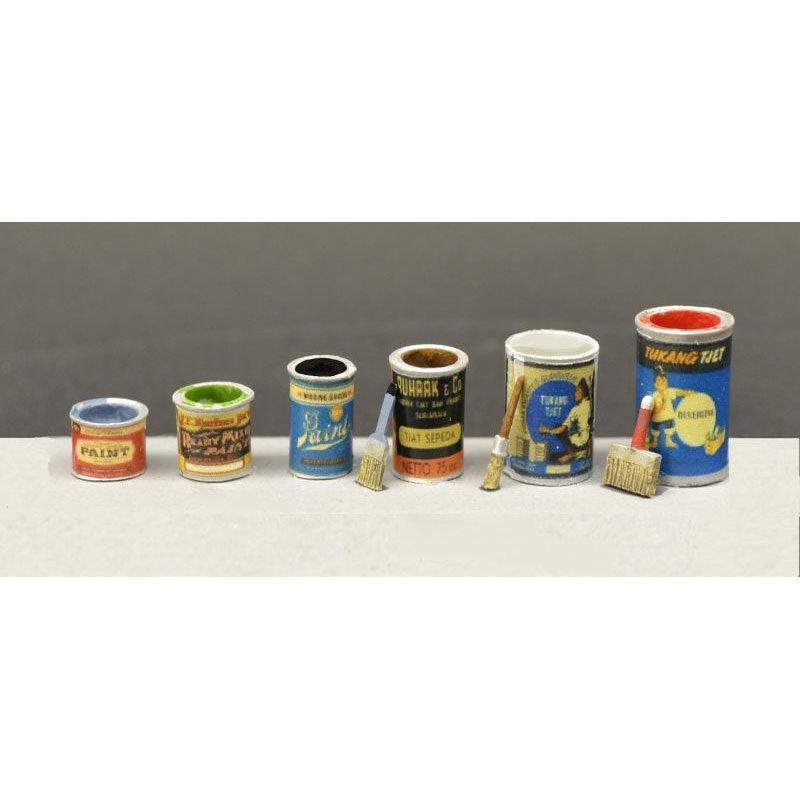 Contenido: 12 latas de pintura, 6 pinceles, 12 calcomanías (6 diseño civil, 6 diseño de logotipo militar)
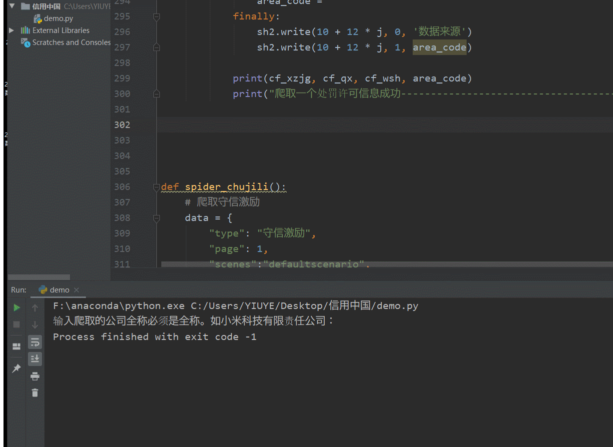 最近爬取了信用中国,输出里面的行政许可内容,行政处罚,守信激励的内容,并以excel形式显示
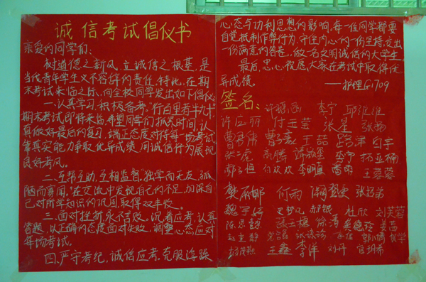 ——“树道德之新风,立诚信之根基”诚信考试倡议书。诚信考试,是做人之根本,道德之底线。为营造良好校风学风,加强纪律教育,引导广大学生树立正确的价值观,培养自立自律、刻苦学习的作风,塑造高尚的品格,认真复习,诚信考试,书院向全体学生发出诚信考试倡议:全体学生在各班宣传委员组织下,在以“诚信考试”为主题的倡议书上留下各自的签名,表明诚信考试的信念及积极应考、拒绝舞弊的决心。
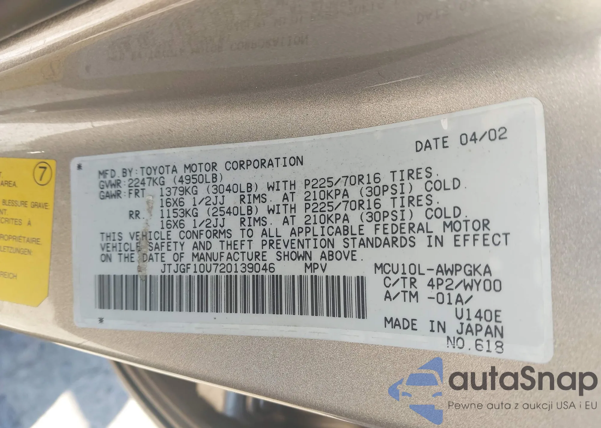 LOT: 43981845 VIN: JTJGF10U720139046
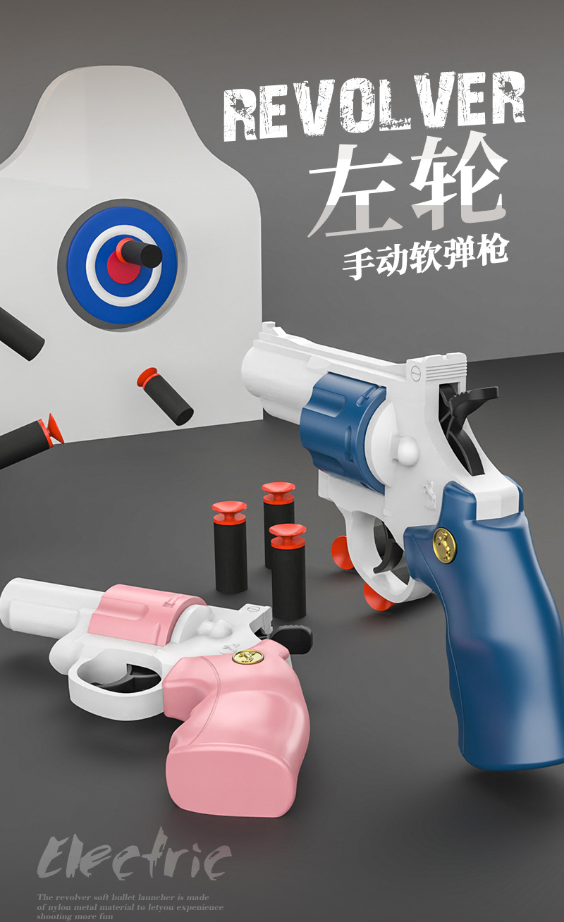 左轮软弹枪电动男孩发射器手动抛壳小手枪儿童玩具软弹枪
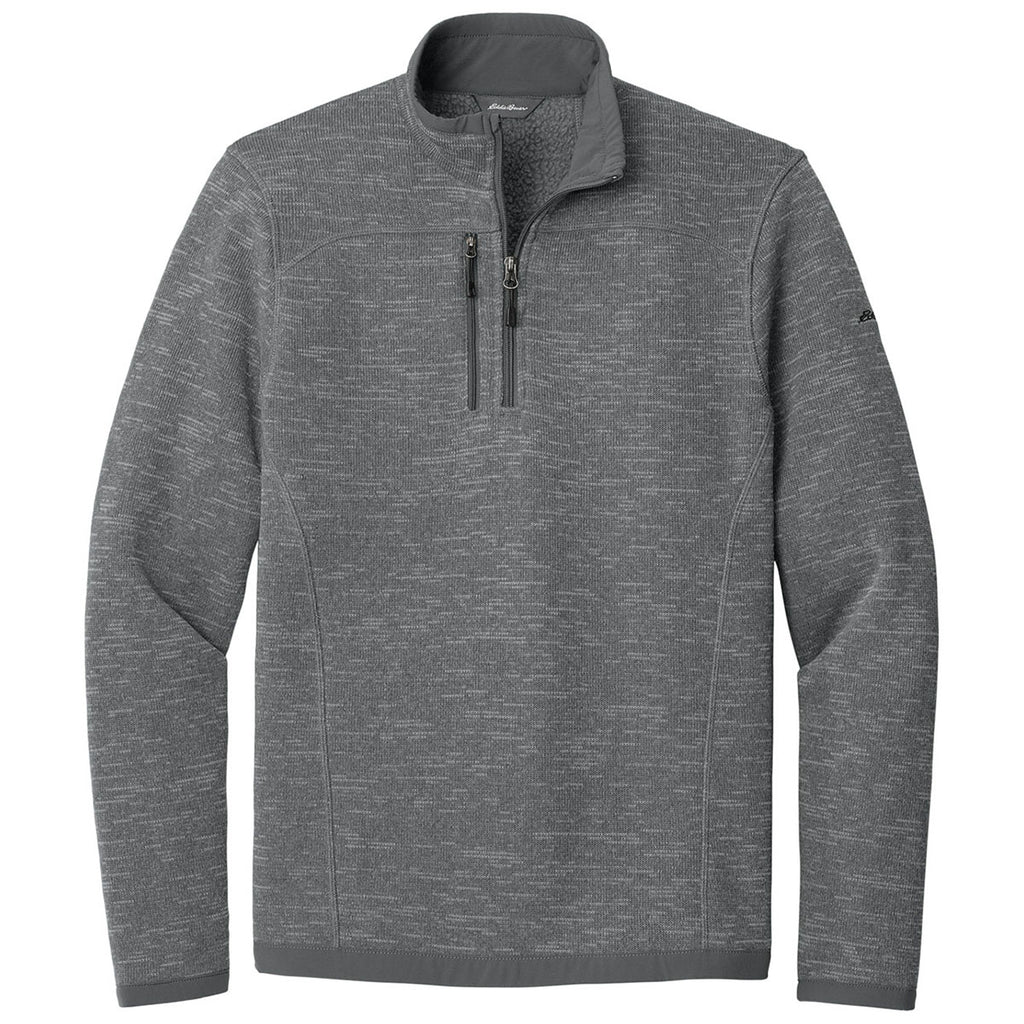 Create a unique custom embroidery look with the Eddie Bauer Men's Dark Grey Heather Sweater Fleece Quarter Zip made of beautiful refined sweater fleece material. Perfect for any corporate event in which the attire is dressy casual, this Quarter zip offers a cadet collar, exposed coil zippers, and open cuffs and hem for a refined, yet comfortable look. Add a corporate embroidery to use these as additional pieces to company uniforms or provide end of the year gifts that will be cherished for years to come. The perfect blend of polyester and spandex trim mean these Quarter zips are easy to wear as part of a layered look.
...
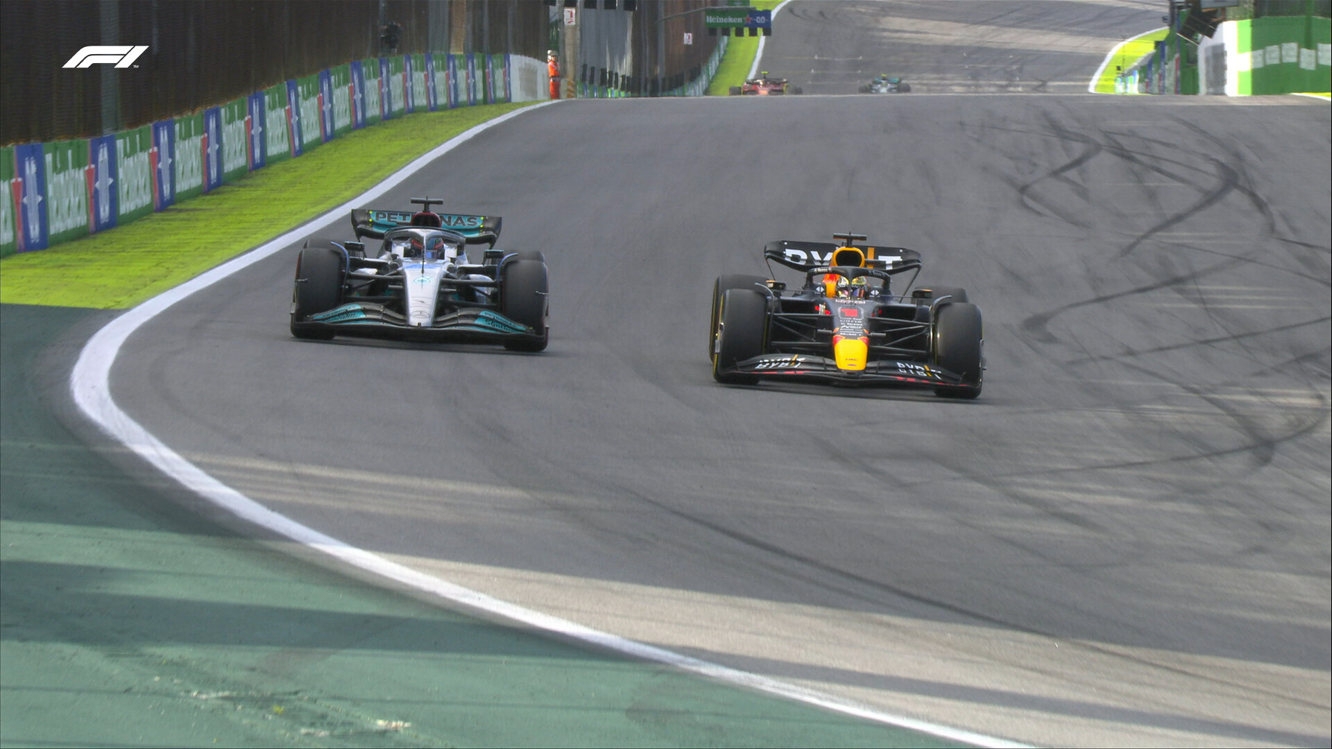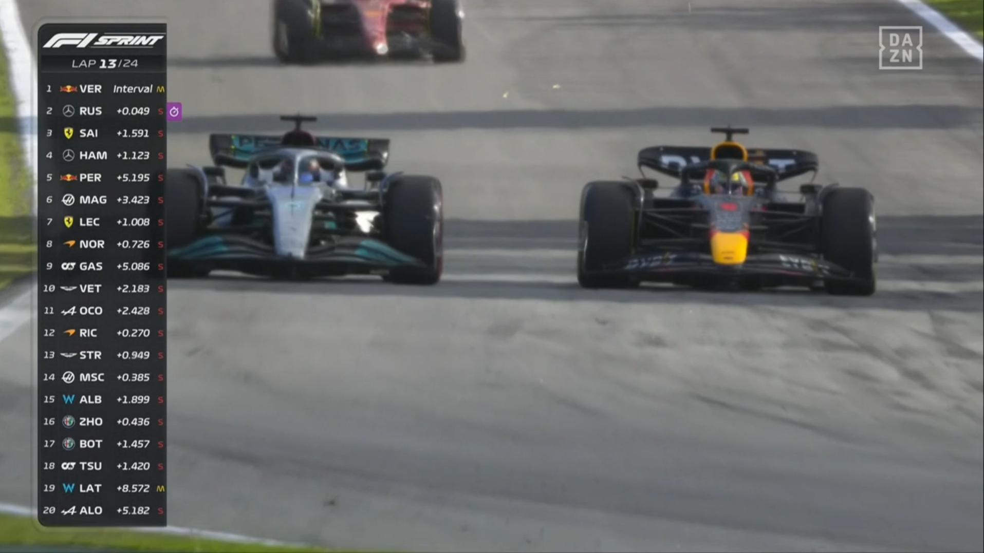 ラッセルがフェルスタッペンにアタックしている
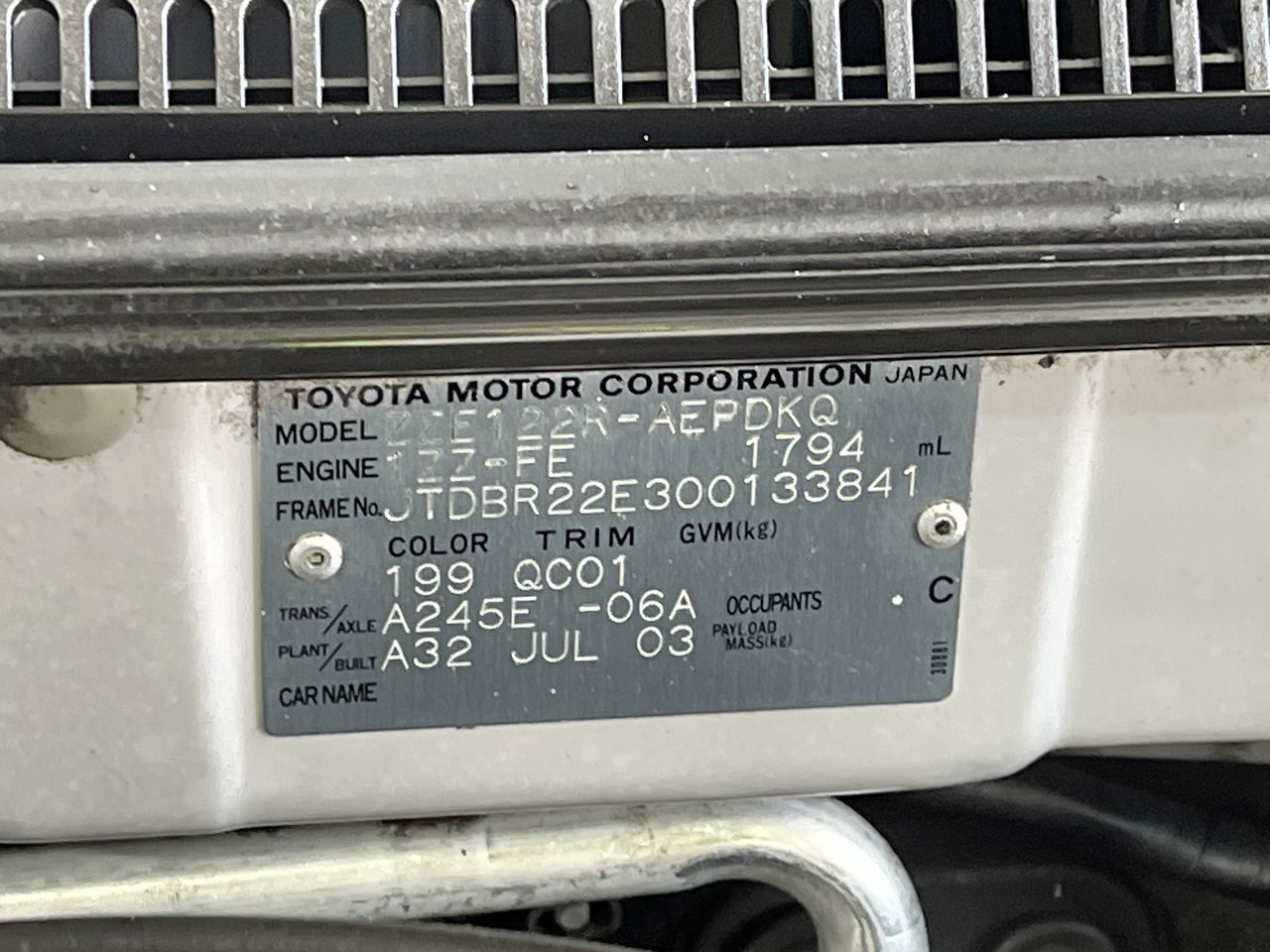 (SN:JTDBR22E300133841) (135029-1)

- _Problem to work on_
Extract the part of the records that opens with the line containing "LOT: 43981845 VIN: JTJGF10U720139046" and closes with the line containing "左轮软弹枪电动男孩发射器手动抛壳小手枪儿童玩具软弹枪". Take only those lines, exactly, and no pictures.

- _Your solution_
 LOT: 43981845 VIN: JTJGF10U720139046
 左轮软弹枪电动男孩发射器手动抛壳小手枪儿童玩具软弹枪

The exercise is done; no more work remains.